Do you know if my layout of fittings is correct?


----------



## Plumber101 (Feb 25, 2009)

Can you post a pic?


----------



## MikeyP (Oct 1, 2008)

Does this look ok? Double sink vanity venting to the right of both sinks


----------



## Plumber101 (Feb 25, 2009)

That looks fine. I would have used a directional "T" but for this you shouldn't have a problem with a sanitary "T".

What you need now to tie in your sink drains is a 1 1/2" male adapter for the the size of pipe you uses. I can't tell by the pics but it looks like 2"

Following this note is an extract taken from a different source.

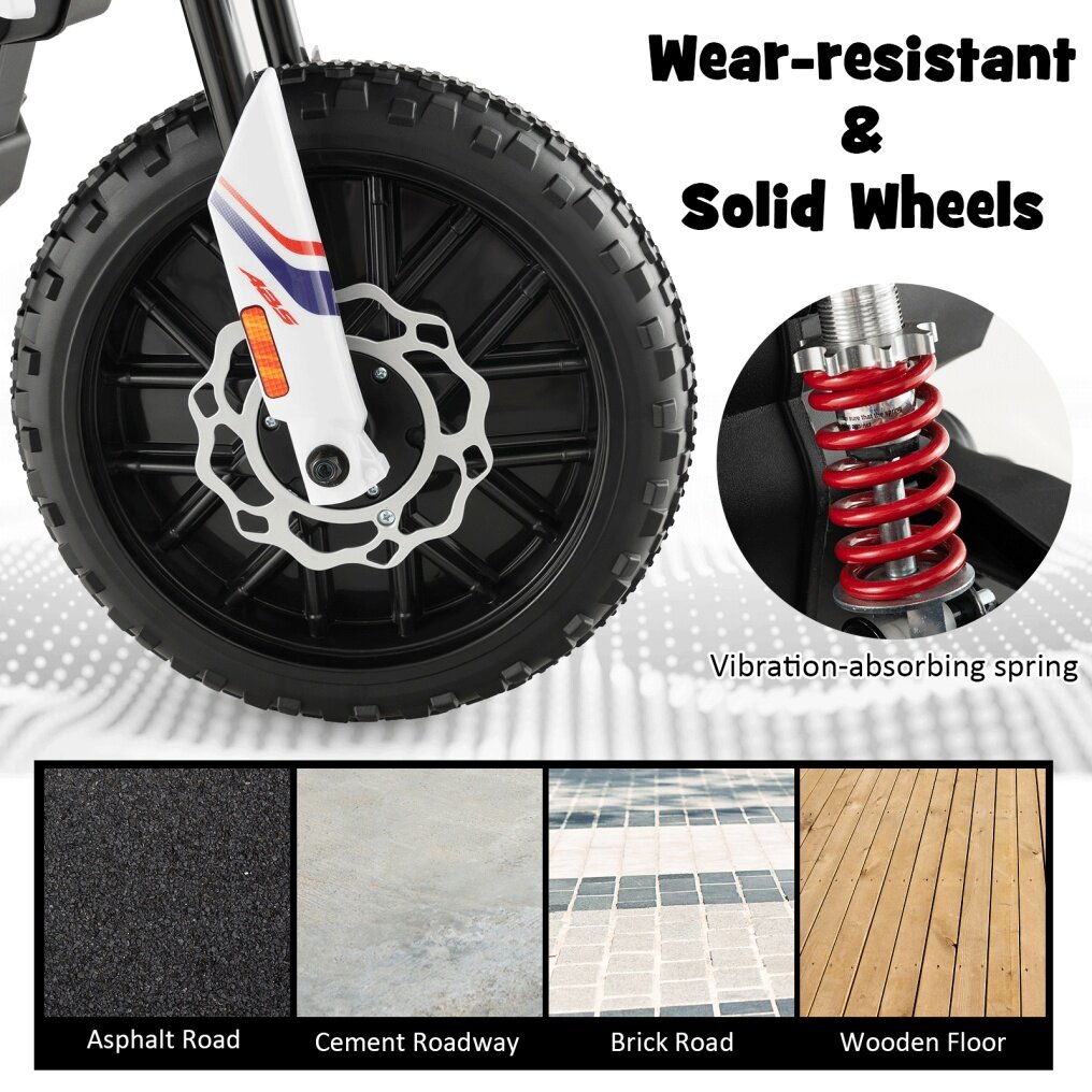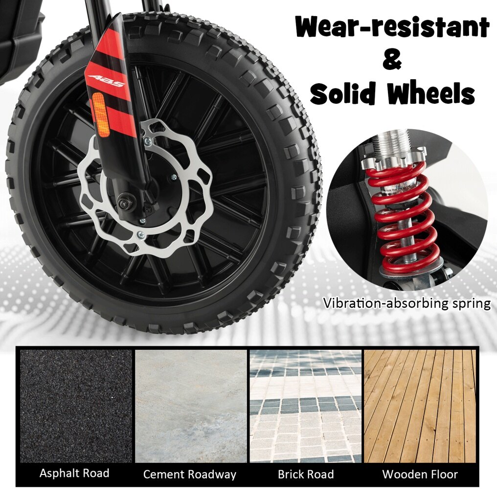 ● Dual Motors for High Performance: Equipped with dual powerful motors, this Aprilia licensed motorcycle can reach 3.4-3.7 mph speed, offering your little one an exciting driving experience. Besides, powered by 12V 7AH battery, this motorbike ensures 1-2 hours play time.

Don't for get to couple the splice between the "T" and "90"deg

before you install the sinks make sure you install the drain/pop-up assy. It is easier to do while out rather than trying to do it while the sink is installed.

After you have the sink installed all you need to do is to install a P-trap off the sink drain to the male adapter.

What are you doing for Hot/Cold water supply?


----------



## JDC (Mar 11, 2008)

It should work fine as long as you arent having it inspected. If you are, then you may have a problem with that tee on its side. At least you would here. Here it would have to be a tee-wye aka a combo fitting (wye and street 45) like you have on the vertical section. These can be a PIA when you're fighting for room. You cant have a tee on its side or on its back for drainage. In addition, your trap to vent distance may be a bit long...not sure. Its rather hard to tell from a picture. If the trap is too far from the vent you could cut in a tee or tee wye on its back between the two drains then back vent it into the stack. But, like I said what you have there should work fine as long as you arent having it inspected.

The fitting at the wall is called a trap adapter or around here we call them "desankos". Not sure why the desanko name...probably a brand from way back.


----------